**RECORDS SHOWN:**
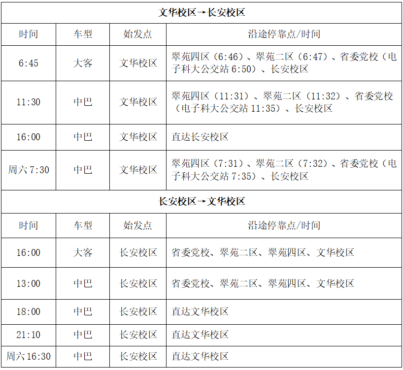 班车时间表 时间:2021-03-06来源: 2020-2021学年第二学期班车时刻表 2021年3月8日起执行 说明: 1、自行解决交通如需乘坐班车的人员请提前二天报后勤基建部。 2、车辆调度电话:87571235。 上一篇:班车时间表 下一篇:班车时间表 【关闭】
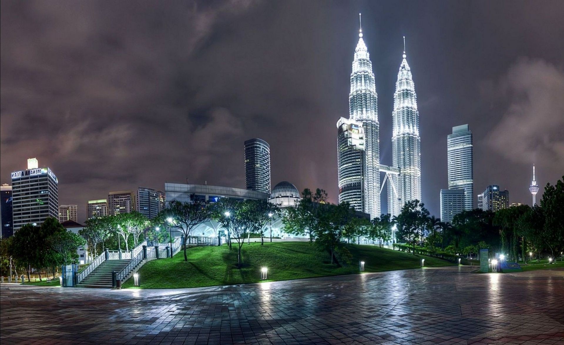 Hochhäuser mitten in der Nachtstadt
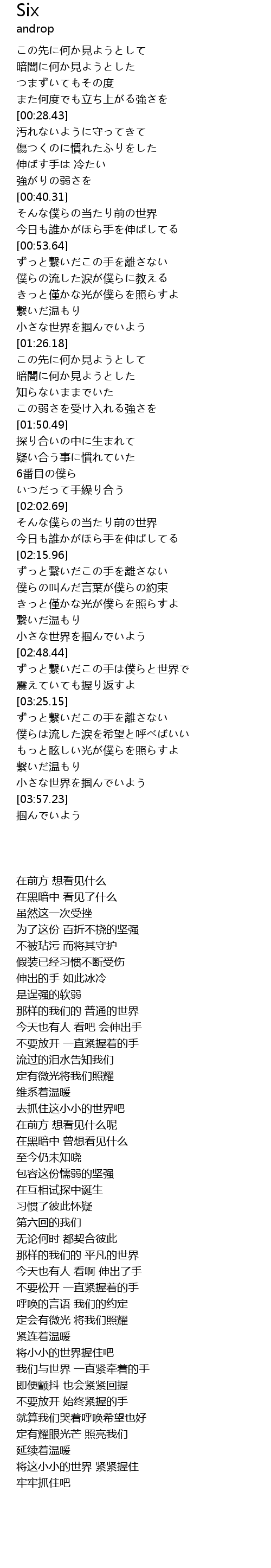 | [00:54.42] | ずっと繋いだこの手を離さない |
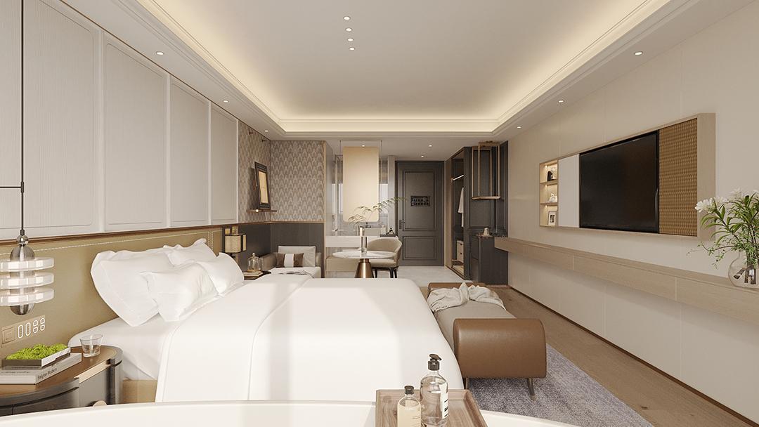 杭州設(shè)計師酒店設(shè)計裝修,本案以“城市留白”為設(shè)計哲學,將西湖的靜謐感融入空間。通過無主燈磁吸軌道系統(tǒng)與大面積微水泥墻面的運用,構(gòu)建出柔和的光影層次。定制懸浮式家具與隱藏式收納系統(tǒng),實現(xiàn)功能與美學的統(tǒng)一。整體以低飽和度色彩為基調(diào),局部點綴金屬與石材細節(jié),營造出兼具東方禪意與當代極簡的沉浸式旅居體驗。
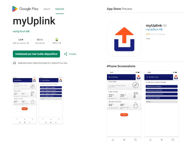 PASUL 3 – Descarcati si instalati aplicatia myUplink.com in telefonul dumneavoastra fie din Google play fie din Appstore, in functie de modelul telefonului.
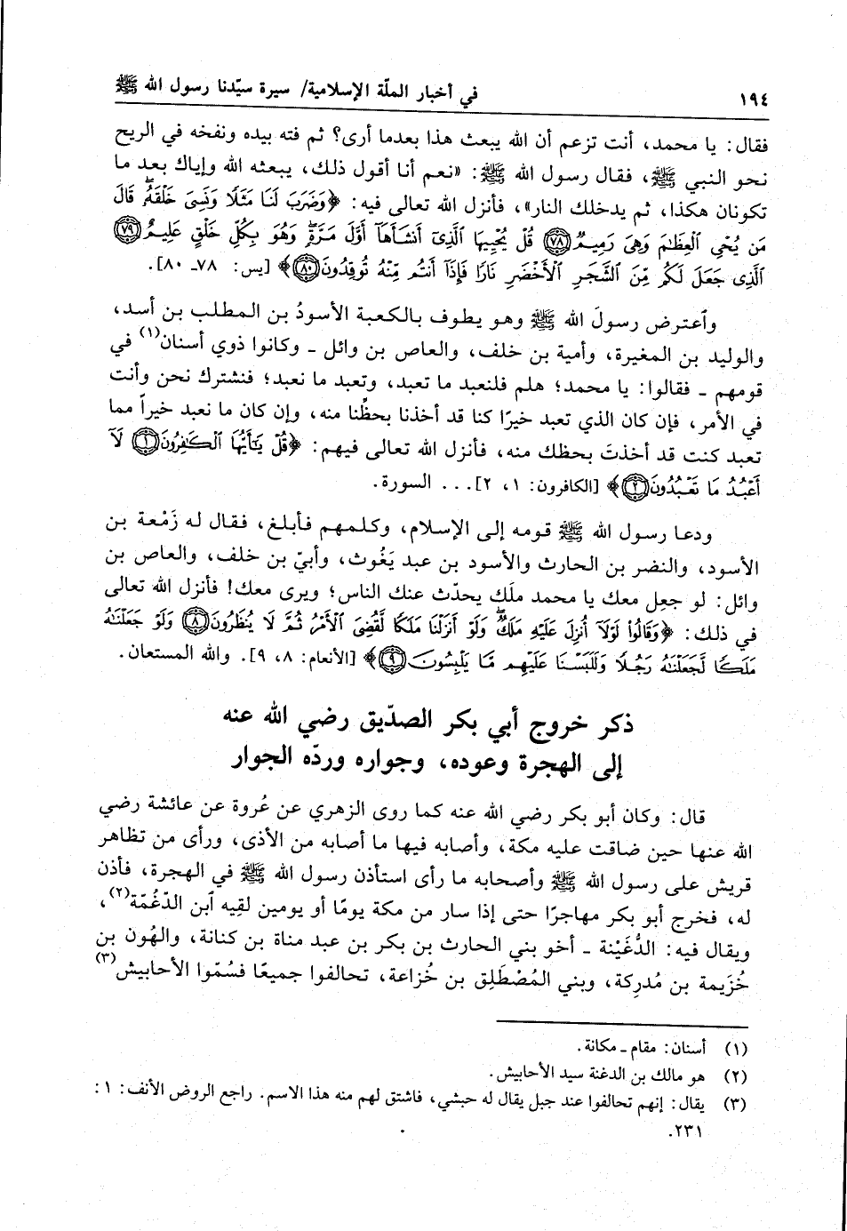 ذكر خروج أبي بكر الصديق رضي الله عنه إلى الهجرة وعوده ، وجواره ورده الجوار

**THE TASK:** Within the listing above, find the line containing "杭州設(shè)計師酒店設(shè)計裝" and the line containing "PASUL 3 – Descarcati". Transcribe them and everything between them exactly, leaving out the pictures.

**YOUR SOLUTION:**
 杭州設(shè)計師酒店設(shè)計裝修,本案以“城市留白”為設(shè)計哲學,將西湖的靜謐感融入空間。通過無主燈磁吸軌道系統(tǒng)與大面積微水泥墻面的運用,構(gòu)建出柔和的光影層次。定制懸浮式家具與隱藏式收納系統(tǒng),實現(xiàn)功能與美學的統(tǒng)一。整體以低飽和度色彩為基調(diào),局部點綴金屬與石材細節(jié),營造出兼具東方禪意與當代極簡的沉浸式旅居體驗。
 PASUL 3 – Descarcati si instalati aplicatia myUplink.com in telefonul dumneavoastra fie din Google play fie din Appstore, in functie de modelul telefonului.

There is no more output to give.